*Exercise instructions:* Print the data verbatim. Leave every image out.
....
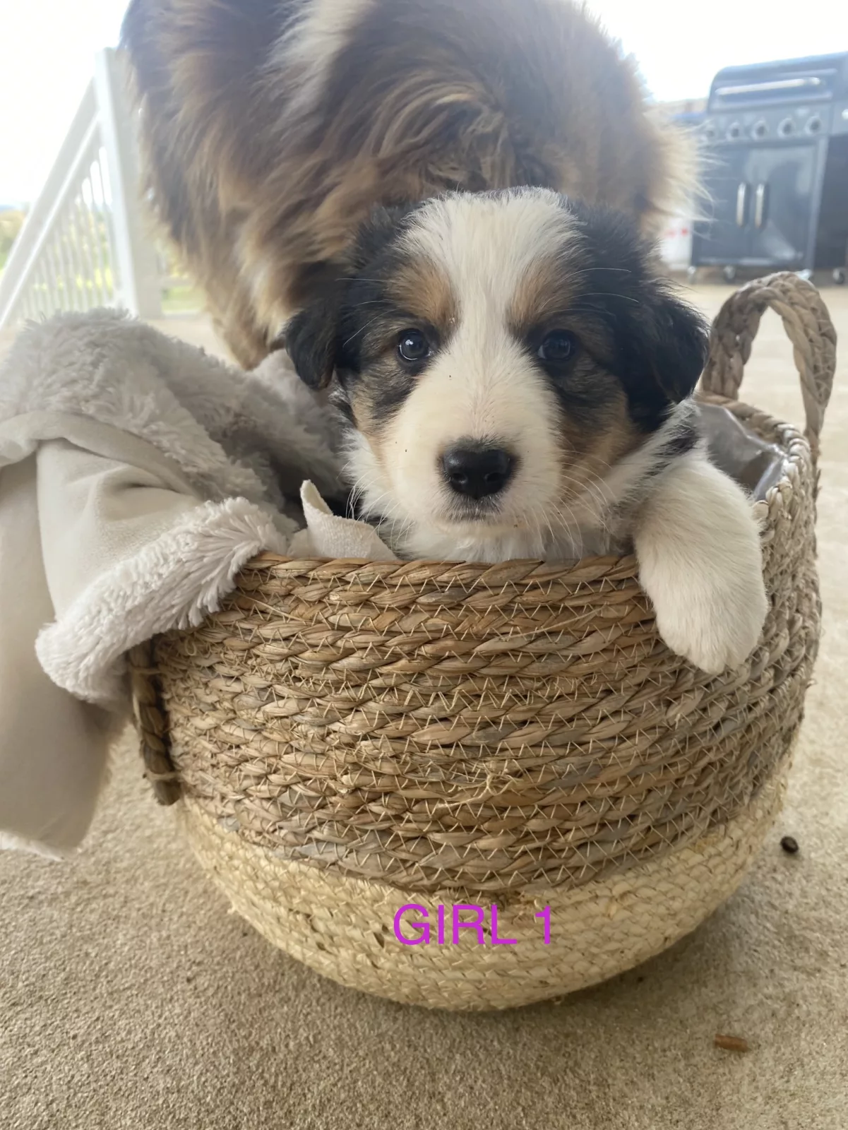 Mum is a long haired red and white Border Collie and is very loving, gentle and family orientated.
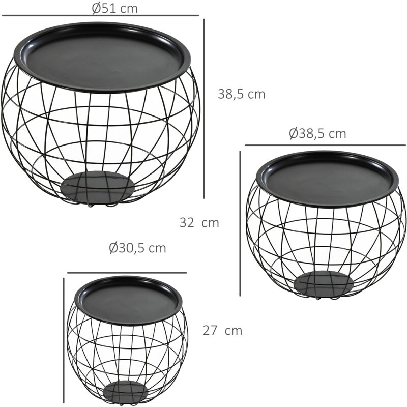 HOMCOM Couchtisch Set 3-teilig Rund - Laternen Design Mit Stauraum | Beistelltische Für Wohnzimmer Schwarz
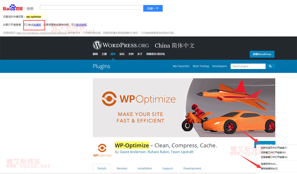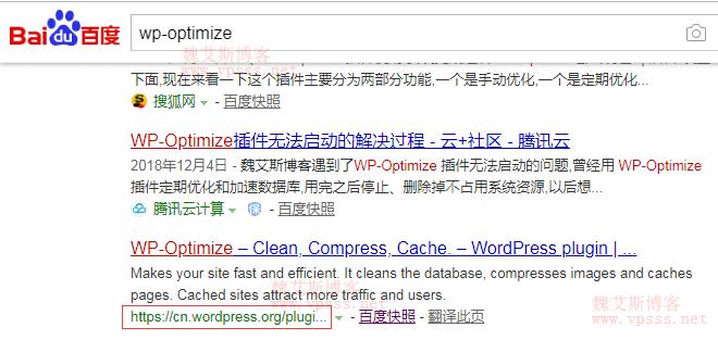 下面是插件在百度快照中的搜索、下载方法,和上面是一样的。老魏以 【wp-optimize插件】举个栗子。
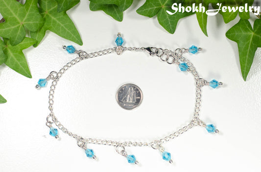 Aqua Blue Glass Crystal Dangle and Chain Anklet
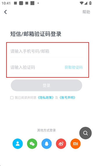 3、在登录界面,可选择短信/邮箱验证码登录,也可通过微信、微博等其他方式登录,需先勾选同意相关协议。
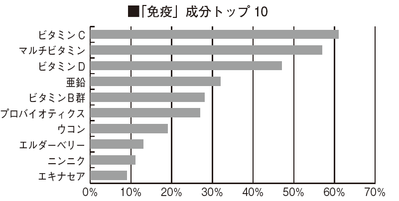 免疫のために利用されている上位3成分は、ビタミンC(61%)、マルチビタミン(57%)、ビタミンD(47%)。乳酸菌、エルダーベリーなどの他の免疫成分も、トップ10にランクインした。
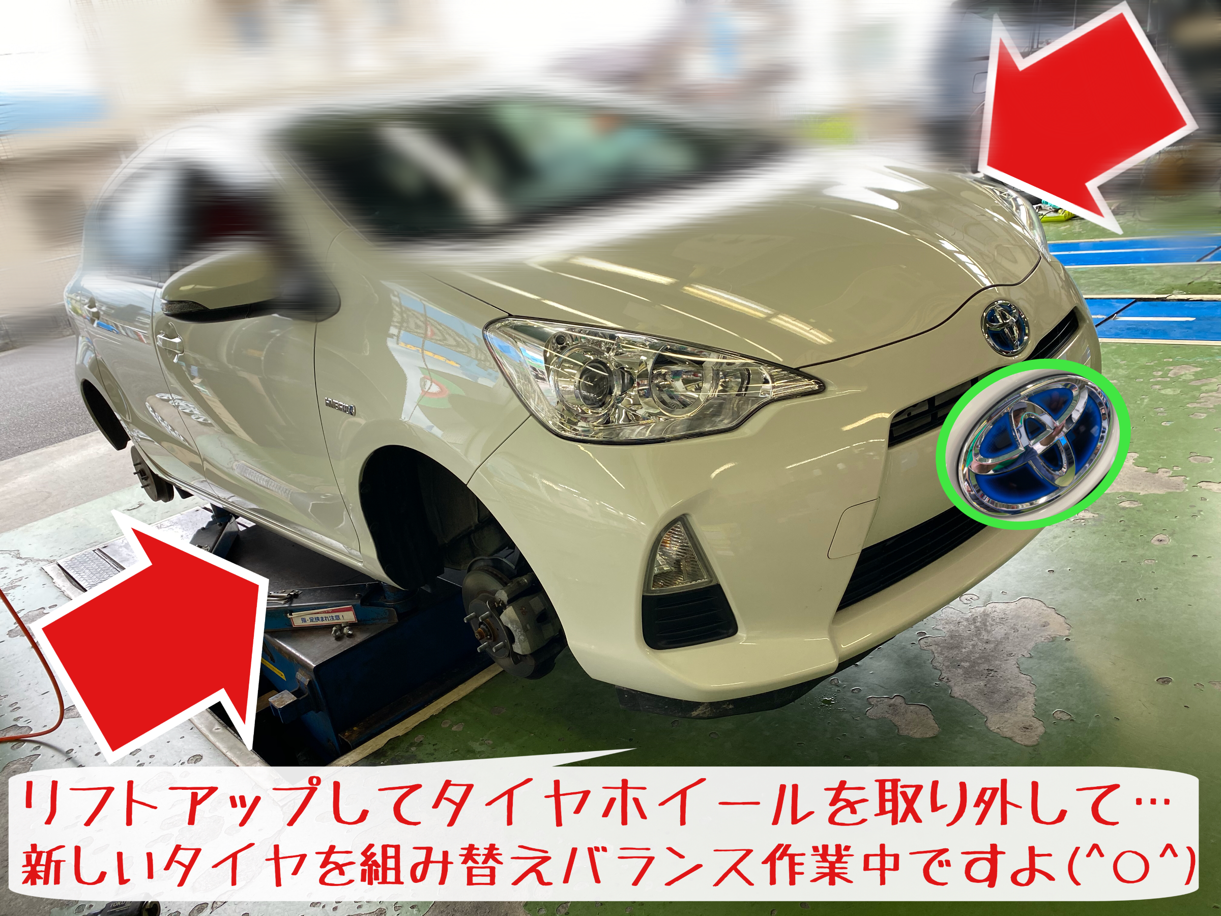 トヨタ アクア さんの数年使用されたタイヤを新しく交換するお手伝いですよ(^o^)
....
*Written answer:*
 Mum is a long haired red and white Border Collie and is very loving, gentle and family orientated.
 HOMCOM Couchtisch Set 3-teilig Rund - Laternen Design Mit Stauraum | Beistelltische Für Wohnzimmer Schwarz
 下面是插件在百度快照中的搜索、下载方法,和上面是一样的。老魏以 【wp-optimize插件】举个栗子。
 Aqua Blue Glass Crystal Dangle and Chain Anklet
 3、在登录界面,可选择短信/邮箱验证码登录,也可通过微信、微博等其他方式登录,需先勾选同意相关协议。
 免疫のために利用されている上位3成分は、ビタミンC(61%)、マルチビタミン(57%)、ビタミンD(47%)。乳酸菌、エルダーベリーなどの他の免疫成分も、トップ10にランクインした。
 トヨタ アクア さんの数年使用されたタイヤを新しく交換するお手伝いですよ(^o^)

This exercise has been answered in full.